Numbers written in both forms

Question

I have come across the OEIS series A031363. It has this description:

Positive numbers of the form $x^2+xy-y^2$; or, of the form $5x^2-y^2$.

So it is saying that all numbers that can be written in the form $x^2+xy-y^2$ can be written as $5x^2-y^2$.

I am a beginner at Number Theory, so any tips or hints on how to proof it would be great.

EDIT: I have done a tiny computer search on it, and confirmed that all numbers (< 10000) that can be written in the first form can also be written in the second form. So it is saying that both form is identical.

Answer 1

If one of $x$, $y$ is even, WLOG let $x = 2a$. Same as what Bob Krueger said, $x^2 + xy - y^2 = 5a^2 - (a-y)^2$

If both $x$ and $y$ are odd, then $x + y$ and $x + 3y$ are even. We can check $x^2 + xy - y^2 = 5\left(\frac{x + y}{2}\right)^2 - \left(\frac{x + 3y}{2}\right)^2$

Answer 2

It seems to me that there is a case missing in the accepted answer. I don't see how we can take $x=2a$ "without loss of generality," because the form $x^2+xy-y^2$ is not symmetric in $x$ and $y.$ Indeed, when $y=2a,$ we have $x^2+xy-y^2 = x^2+2ax-4a^2=2x^2-(2a-x)^2,$ and I don't see how to put this in the required form.

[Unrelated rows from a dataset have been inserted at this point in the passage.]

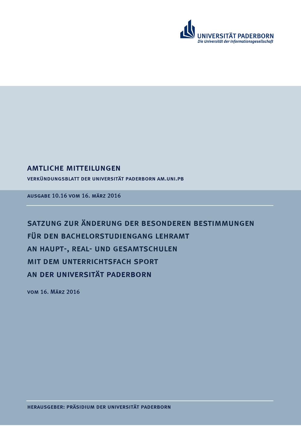Satzung zur Änderung der besonderen Bestimmungen für den Bachelorstudiengang Lehramt an Haupt-, Real- und Gesamtschulen mit dem Unterrichtsfach Sport an der Universität Paderborn : vom 16. März 2016
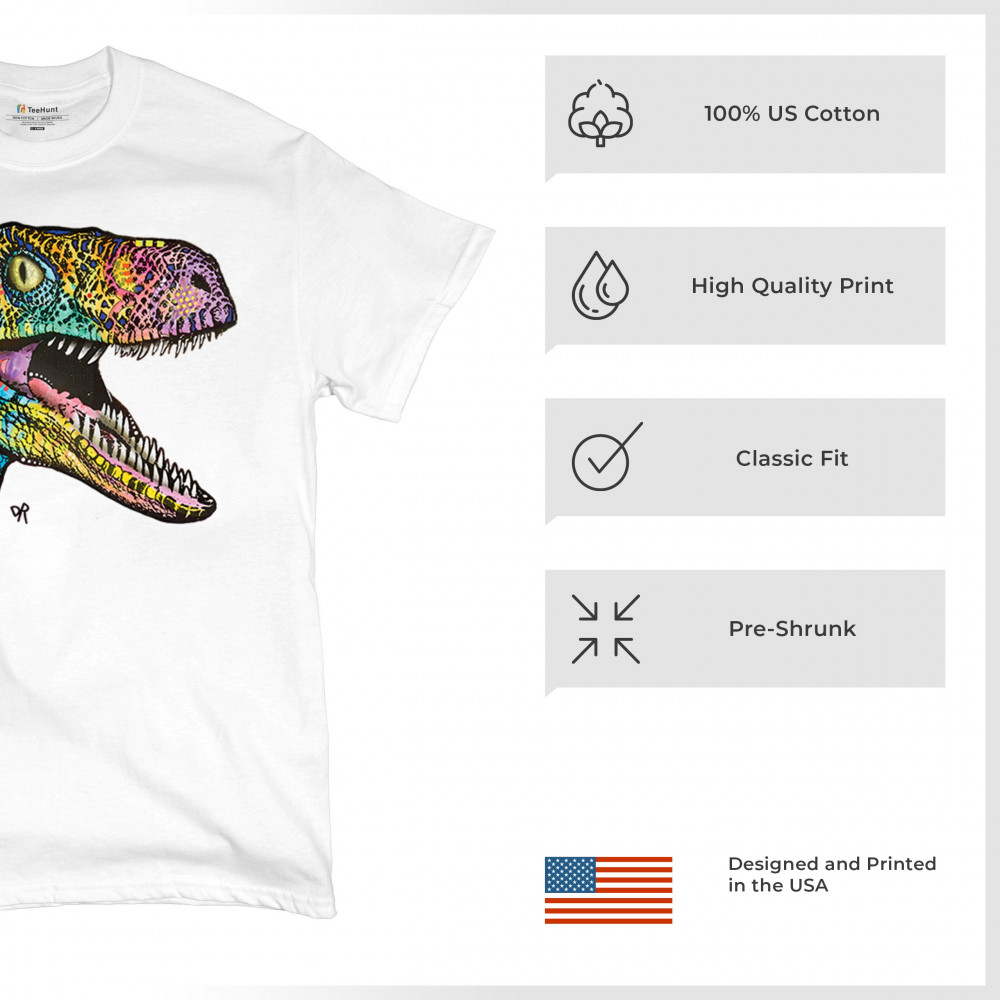 COLORFUL RAPTOR t-shirt dean russo neon jurassic dinosaur men's tee white
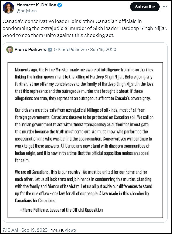 Dhillon wrote, “Canada’s conservative leader joins other Canadian officials in condemning the extrajudicial murder of Sikh leader Hardeep Singh Nijjar. Good to see them unite against this shocking act.” Notably, at that time, Trudeau did not provide any evidence to support his allegations and the Canadian government has yet to provide any substantial evidence against India.
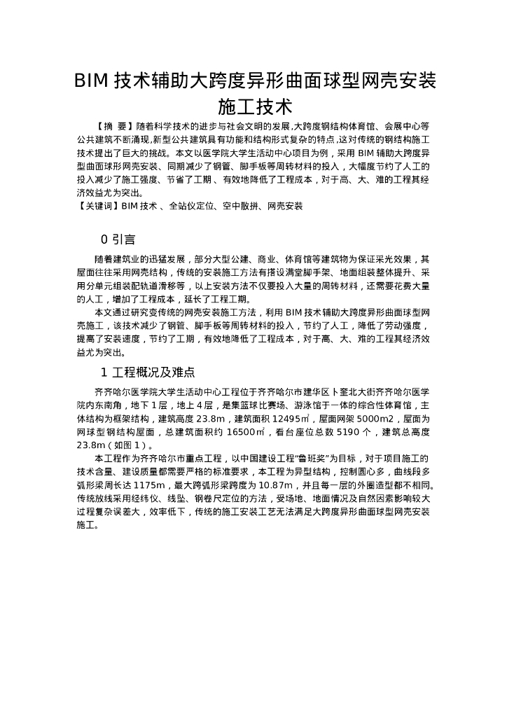 大跨度异形曲面球型网壳安装施工技术.doc
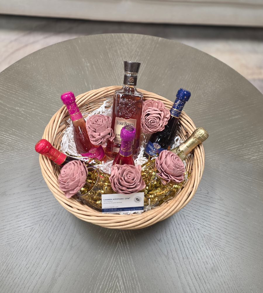 Can’t choose between wine or whiskey? Why not both! This basket brings the best of both worlds — a smooth bottle of Four Roses Bourbon Whiskey, an assortment of Stella Wines, and two elegant wine glasses to sip in style. Perfect for the indecisive drinker or the ultimate host — because every night deserves a cheers!

However, when $y$ is even, we have $$5\left(x-\frac{y}{2}\right)^2-\left(2x-\frac{3y}{2}\right)^2=x^2+xy-y^2,$$

so the theorem is true is this case too.

As I noted in a comment on the accepted answer, the identity $$5u^2-v^2=(3u-v)^2+(3u-v)(v-u)-(v-u)^2$$ establishes the converse.